• Rahul Rao

Vaccine Hesitancy: A Nuanced Decision

by Rahul Rao, Varun Rao, and Yasir Aheer


The trajectory of COVID-19 has been dramatic to say the least, from the initial reports of cases in Wuhan in December 2019, to the massive spike in cases in the US last year, to the heartbreaking scenes in India early this year, and finally to the light at the end of the tunnel as vaccines have been rolled out over much of the globe (although not as much as required, as we have explored here).

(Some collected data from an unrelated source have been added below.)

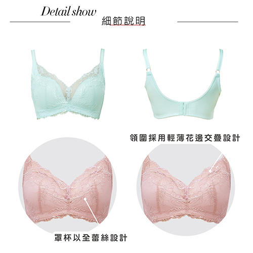 【思薇爾】幸芙Bra系列B-E罩無鋼圈模杯蕾絲集中包覆女內衣(冰雪綠)
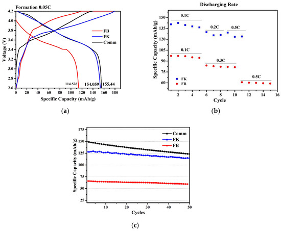 The electrochemical performance test aimed to analyze the capabilities of the cathode material when fabricated in the form of a full-cell battery with a graphite anode. Graphite is an anode material that is widely used and is commonly used in the LIB industry. There are several alternative anode material choices, such as Hard Carbon [25]. However, due to its cheap price and fairly good performance when combined with LIB cathodes, in this experiment, graphite material was chosen as the anode. Electrochemical tests were carried out using cylindrical cell type 18650. The cylindrical type was chosen. It has good mechanical stability because it uses stainless steel for the outer case [26] and has wide applications for stationary energy-storage systems and moving vehicles such as e-bikes, e-motorcycles, and electric cars [26]. The produced NMC-811 cathode samples were evaluated for capacity based on commercial materials in this test. Figure 5a displays the battery capacity testing (discharge) results in the first cycle formation process with a current of 0.05 C. The commercial material showed a specific capacity result of 155 mA·h/g, and the produced cathode material showed specific capacity results of 115 mA·h/g (FB) and 154 mA·h/g (FK). The battery cell with the best performance-specific charge–discharge capacity was the one with NMC-811 synthesized in a small muffle furnace (FK) rather than FB. Based on the active material characterization, the crystallinity of NMC-811 in FK is superior to that in FB.
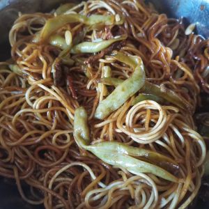 将扁豆覆盖在上面,翻炒至扁豆变色
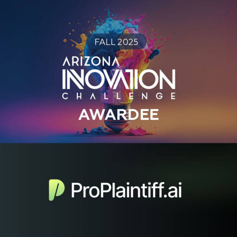 ProPlaintiff AI’s groundbreaking approach was recognized as a winner of the Arizona Innovation Challenge Fall 2025 — learn more about the award here.
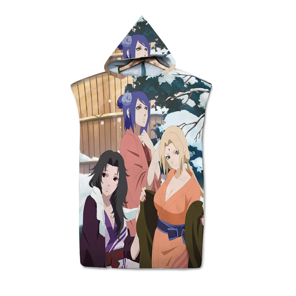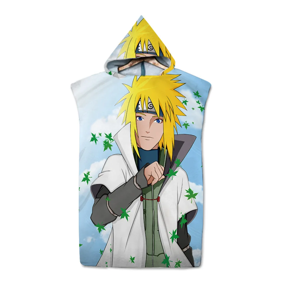Пляжное полотенце с капюшоном и 3D-принтом аниме ниндзя удзумаки Учиха нарупальцы, Быстросохнущий банный халат для плавания и серфинга, плащ для фитнеса
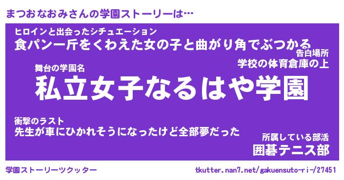| 伝説のあだ名 | 『封印されしスナイパーまつおなおみ』 |
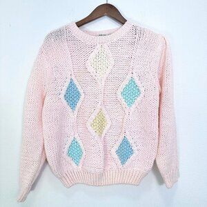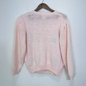 Vintage Hand Knit Colter Bay Pink Grannycore Pink Loose Knit Crewneck Sweater L
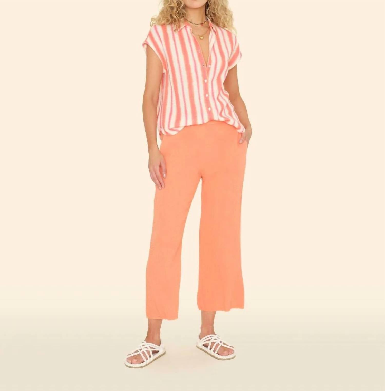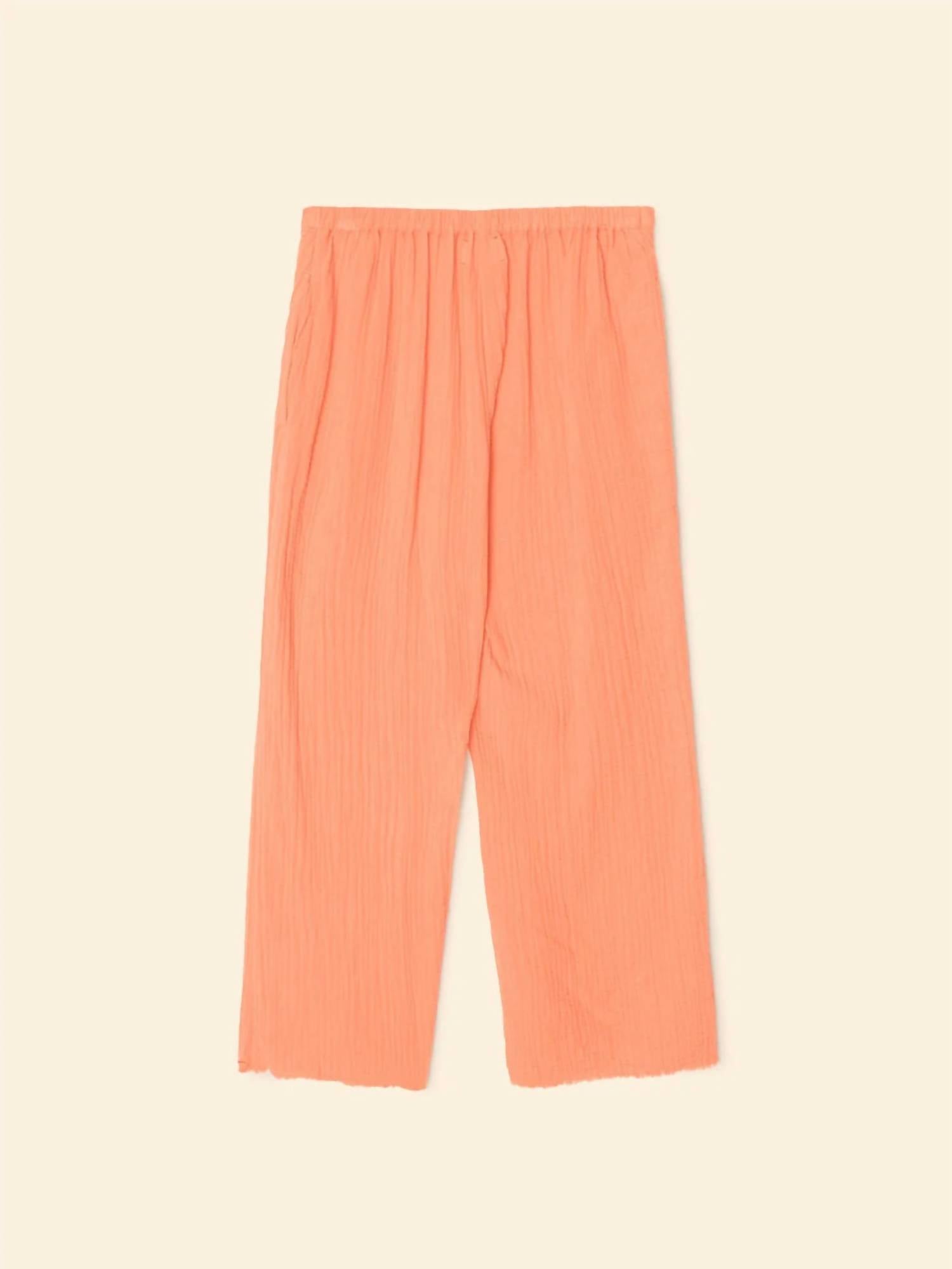 Discover the Jayde Pant by XIRENA, a Summer essential in Cantelope with a relaxed, boho chic style. These slightly cropped wide-leg pants offer a comfortable pull-on design with an elasticized back and side seam pockets, ensuring effortless charm and practicality. Made from 100% Cotton Chelsea Gauze, these pants come with a raw edge hem and a 25.5-inch inseam. Crafted in Los Angeles for women, they require machine washing on a gentle cycle and should be laid flat to dry. Model is 5'10" and wears a size Small.
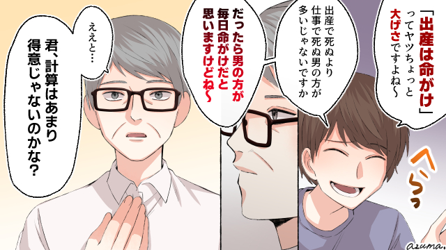 出産より仕事のほうが命がけだと言う経理部の夫を妻の父が撃退した話

It appears that there is one dark chapter being written that threatens the happy ending of this novel - vaccine hesitancy.


The US is perhaps the most striking example of this. Having (nearly) successfully conducted one of the most ambitious vaccination plans across the world, with 370 million jabs having been administered as of September 1st, one would be forgiven for thinking its citizens were well and truly past the worst of it. However, yesterday Florida reported a 7 day average of above 20,000 daily cases - well above the peak of around 16,000 at the height of the January outbreak. Daily deaths are down to approximately 90, half of the 180 seen in January, but this is still a large number.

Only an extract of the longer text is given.